Венецианские каникулы (Гарзийо) - страница 67

— Тебе хорошо со мной? – задает мне неожиданный вопрос Алекс, прервав брожение в моей черепушке.

В моем мозгу вспыхивает красная лампочка «Внимание! Идет операция». Врачи пытаются вернуть к жизни мертворожденный корпус человеческих отношений. И вот в данную минуту этот омытый для похорон хиляк сделал первый вдох.

Я не знаю, как отреагировать. Ответить честно и продемонстрировать свое примитивное рабское нутро? Или высокомерно соврать, унизив таким образом и себя и его? Выбираю третий вариант.

— Ты разве не чувствуешь?

Знает ведь ответ, зачем спрашивает? Или думает, что по такой талантливой актрисе как я уже весь Голливуд обрыдался? Пока мозг занят делом, душа порхает в облаках сахарной ваты, восклицая тоненьким глупеньким голоском «Раз спрашивает, значит, я ему небезразлична!»

— Ответь, пожалуйста, прямо, да или нет, – проявляет твердость мой оппонент, отказываясь играть в «отгадалки».

Продолжать вилять ободранным хвостом, значит, выставить себя дурой.

— Да, – вынужденно признаюсь я, до конца неуверенная в правильности этого выбора.

— Я рад, – спокойно произносит он и поднимается с кровати.

Я слежу любопытным краем левого глаза, как Алекс одевается. Душа, свалившись кубарем со своих облаков, вопросительно таращит коровьи глазищи. И это все? А где, спрашивается, продолжение? Фейерверк признаний, бумажные сердечки и все прочие атрибуты, которые необходимы для поддержания жизнедеятельности едва пришедшего в сознание организма. Без обещанных вливаний, бедняга опять закорчился в агонии, грозясь на сей раз отойти в мир иной безвозвратно. Он рад.
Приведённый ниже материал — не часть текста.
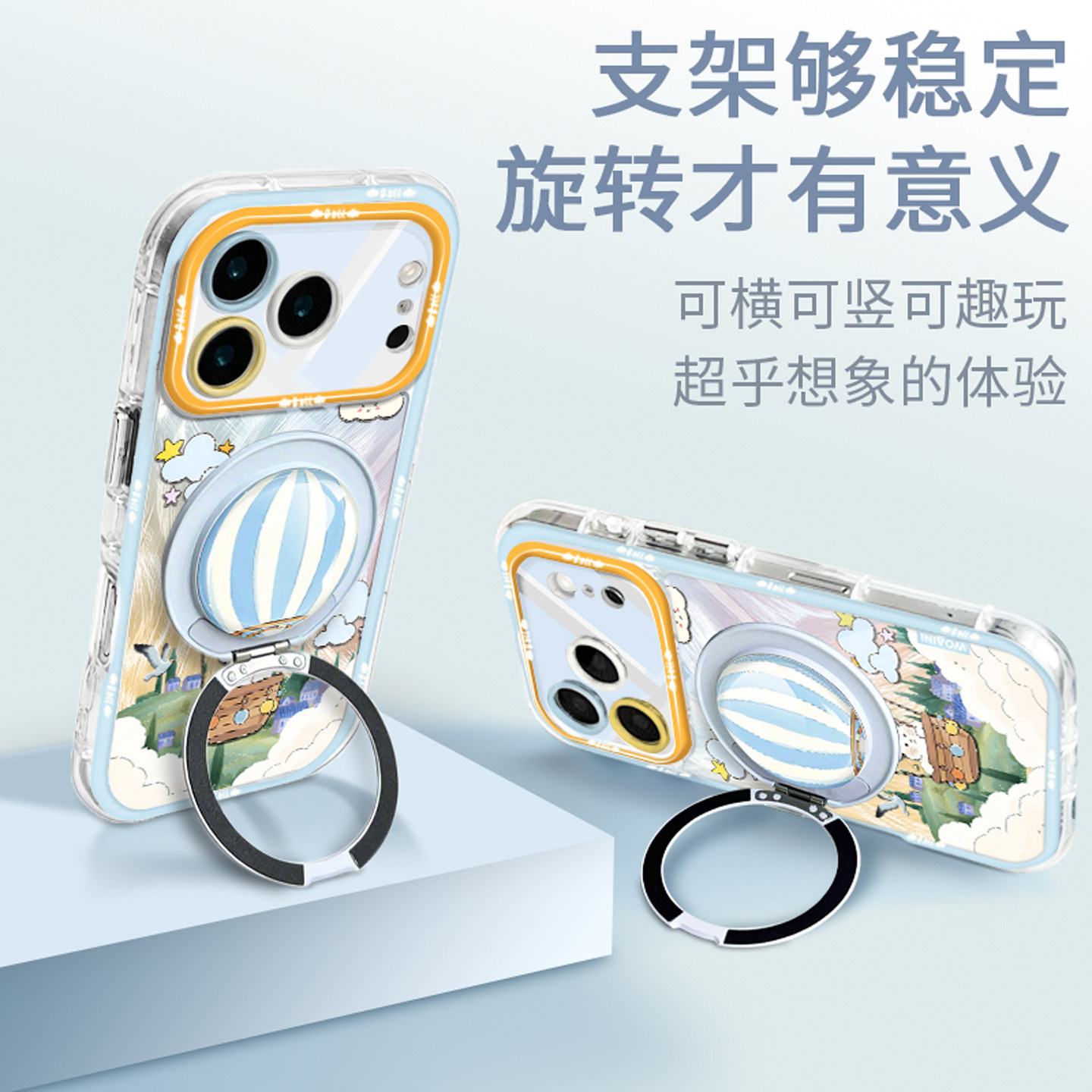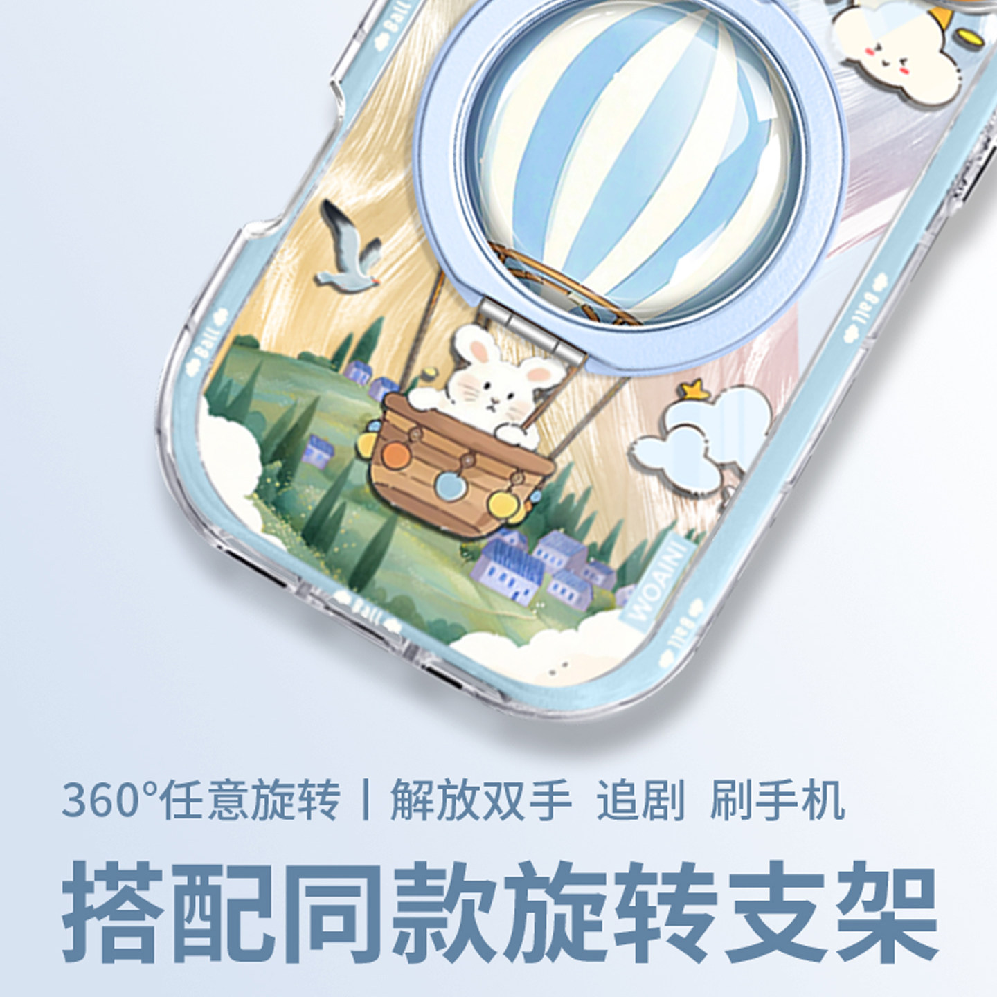 沃艾尼适用苹果17promax手机壳卡通热气球16pm彩绘油画iPhone14pro旋转支架13透明15p硅胶软壳11手链挂绳plus

Ему просто не хватило привычной горсти благодарности, и он решил зачерпнуть побольше. Меня покусывает разочарование.

Запирая за Алексом дверь, я обнаруживаю на столике в коридоре квадратную коробочку с надписью Chanel. В ней очаровательные белые часы, которым позавидовала бы любая модница. Но вместо радости внутри пустота. Разве он не мог вручить мне подарок лично? Обязательно было оставить его вот так вот на тумбочке, акцентируя, что это и не подарок вовсе, а плата за оказываемые услуги? Обида щиплет горло. Впервые за последние недели, я ощущаю, что отведенный мне Алексом клочок сделался для меня тесноват. Я выросла из роли немой любовницы-праздника, как ребенок вырастает из крошечной рубашонки. Она вся трещит по швам, мне хочется сбросить ее с себя, но альтернативного наряда мне не предложили. Достаю из холодильника бутылку белого вина и наливаю себе достаточно щедрую порцию, чтобы новоиспеченное горе могло захлебнуться в кисловатой жидкости. За моей спиной миллионы женщин. Миллионы искореженных собственной глупостью и наивностью судеб. Каждая из них взвалила однажды на свои белые, черные или желтые плечи тяжелый груз безнадежных отношений. В тот момент она, перекинув вальяжно этого нахального иждивенца через плечо, дала себе завет «ничего серьезного, сделаю пару шагов и брошу». Бросили единицы, большинство тащит и по сей день, точа изо дня в день собственную душу надеждой. Я не желаю становиться в строй этих добровольных мучениц. «Не становись», – презрительно хмыкает правое полушарие, «Кто ж тебя заставляет? Выплюнь этот кусок рыбы фугу, щедро сдобренный ядом сантиментов, и живи себе спокойно». Сдается мне, что выплевывать поздно. Отрава попала в кровь. Гурман лечению не подлежит. Я допиваю вино до дна, на котором не обнаруживается ни решения проблемы, ни успокоения.